- **REQUIRED ACTION**
Quote exactly, and only, the lines from the one containing "unserem Körper gibt" through the end of the material below. Skip pictures.

::: SUPPLIED DATA :::

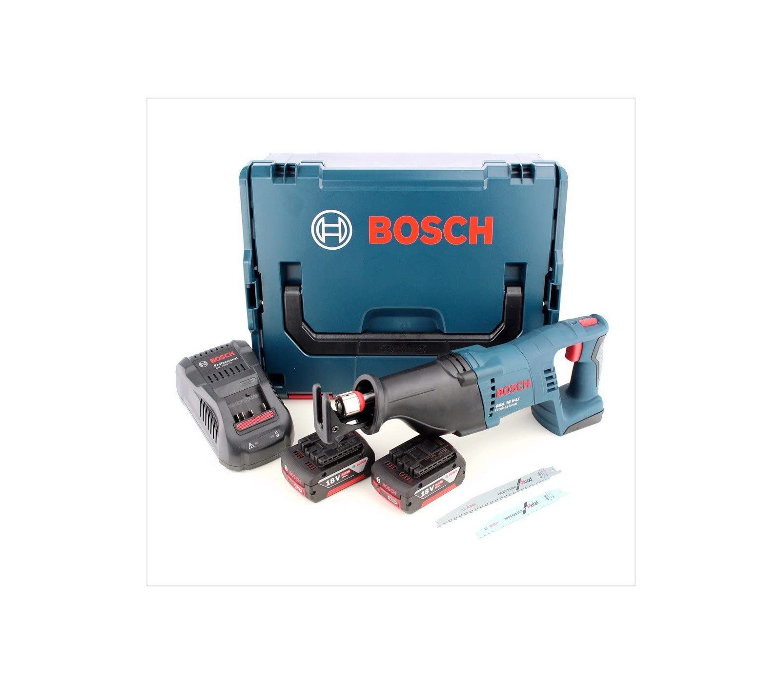 Akumuliatorinio tiesinio pjūklo Bosch GSA 18 V-LI (060164J00B) rinkinys, 18 V, 2 x 5 Ah, įkroviklis + lagaminas
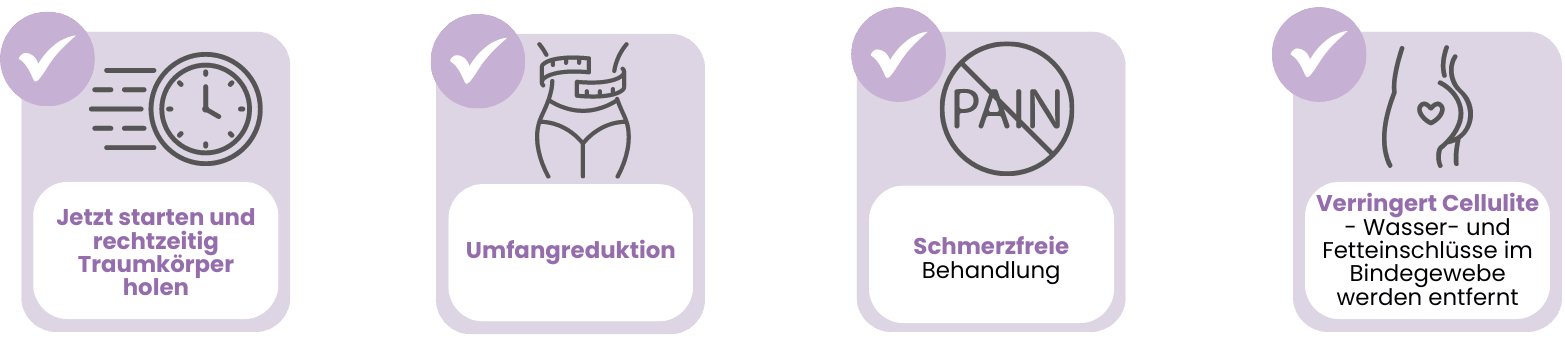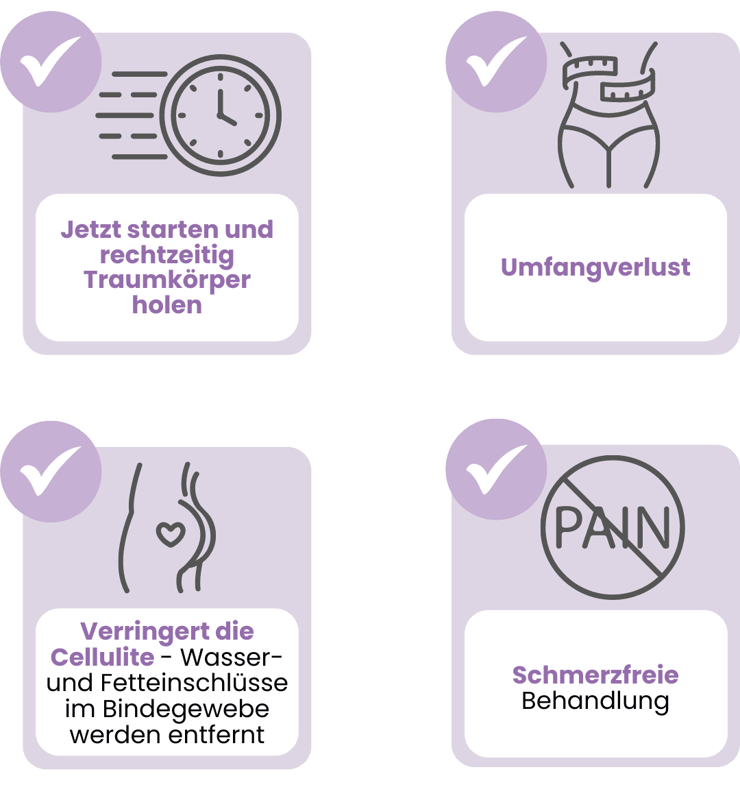 "In unserem Körper gibt es viele Fettzellen. Bei unserer Methode bearbeiten wir diese Fettzellen mit Strom, Ultraschall und Wärme. Mit diesen 7 Schritten kommst Du an Dein Ziel!"
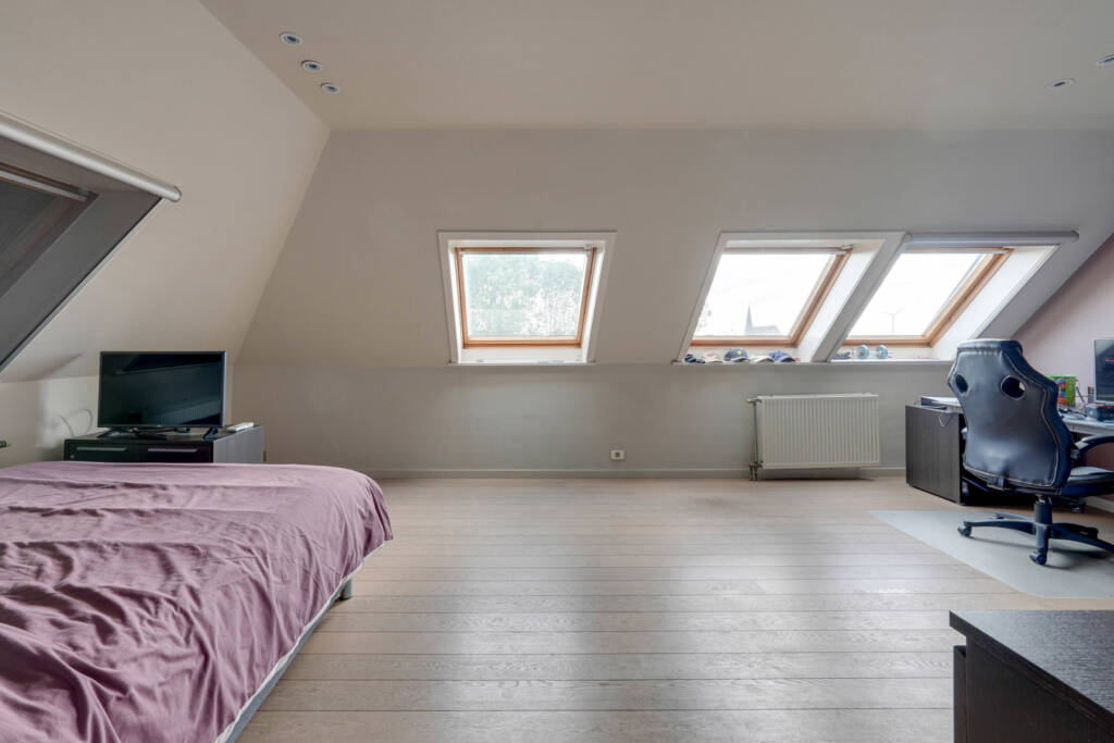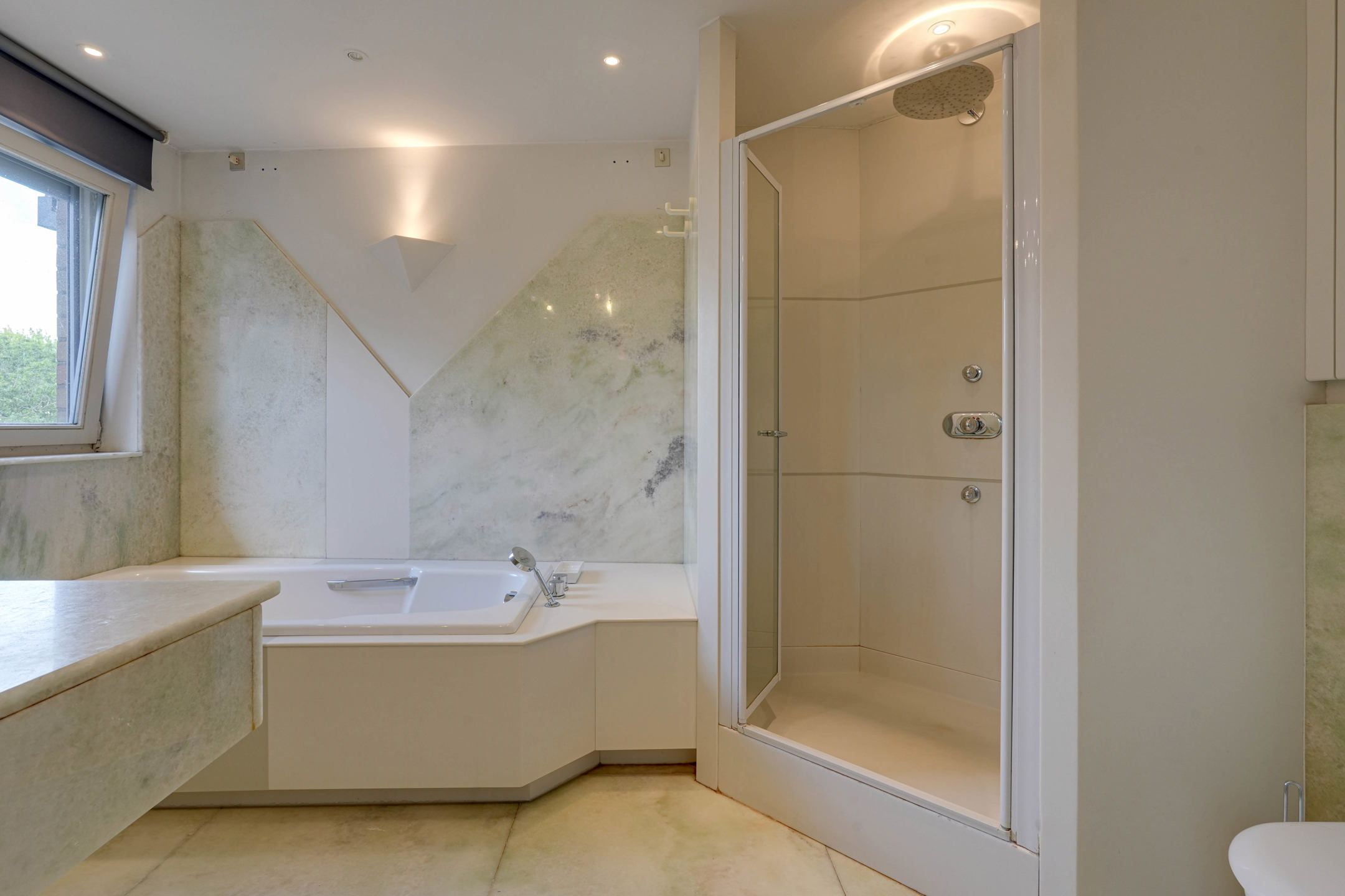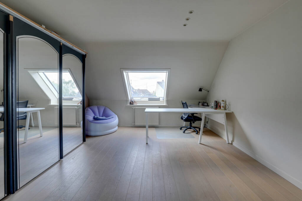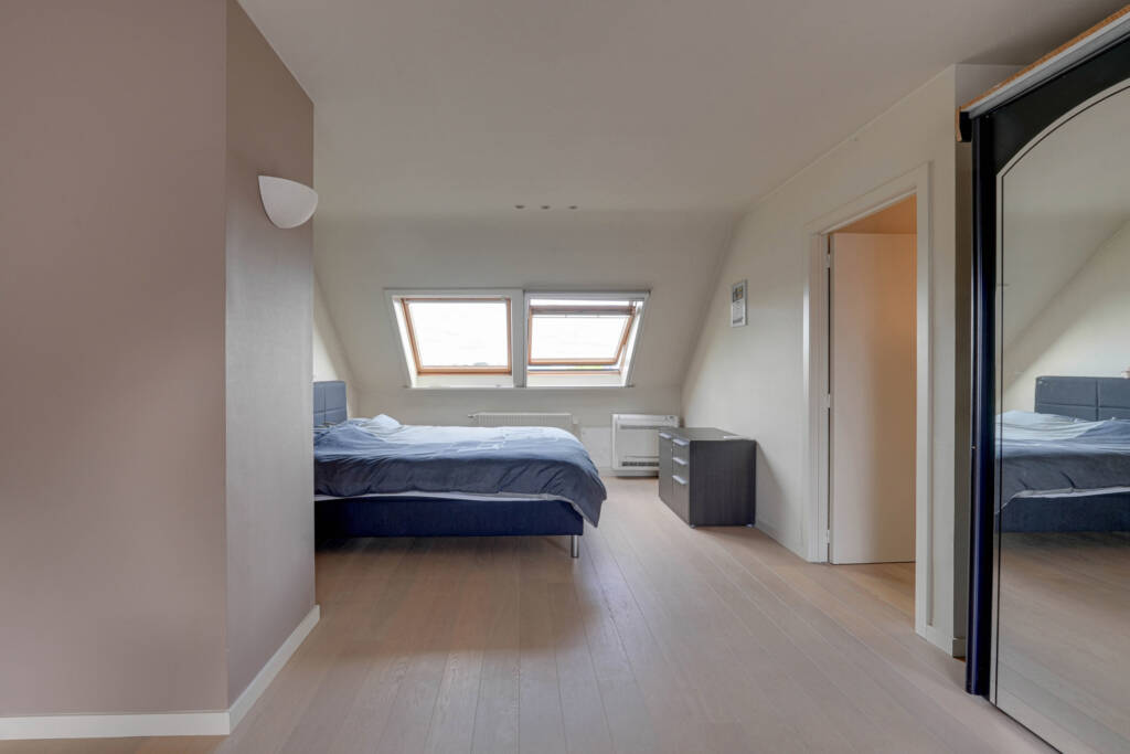 Ce penthouse riche en lumière dispose de trois chambres très spacieuses avec de grandes fenêtres Velux et du parquet moderne. Il y a deux salles de bains : une luxueuse salle de bains revêtue de marbre, équipée d’une baignoire, d’une douche et d’un double lavabo, et une deuxième salle de bains avec un double lavabo et une douche. En outre, il y a un grenier avec des escaliers escamotables, idéal comme espace de stockage supplémentaire.

:::

- **ANSWER SPACE**
 "In unserem Körper gibt es viele Fettzellen. Bei unserer Methode bearbeiten wir diese Fettzellen mit Strom, Ultraschall und Wärme. Mit diesen 7 Schritten kommst Du an Dein Ziel!"
 Ce penthouse riche en lumière dispose de trois chambres très spacieuses avec de grandes fenêtres Velux et du parquet moderne. Il y a deux salles de bains : une luxueuse salle de bains revêtue de marbre, équipée d’une baignoire, d’une douche et d’un double lavabo, et une deuxième salle de bains avec un double lavabo et une douche. En outre, il y a un grenier avec des escaliers escamotables, idéal comme espace de stockage supplémentaire.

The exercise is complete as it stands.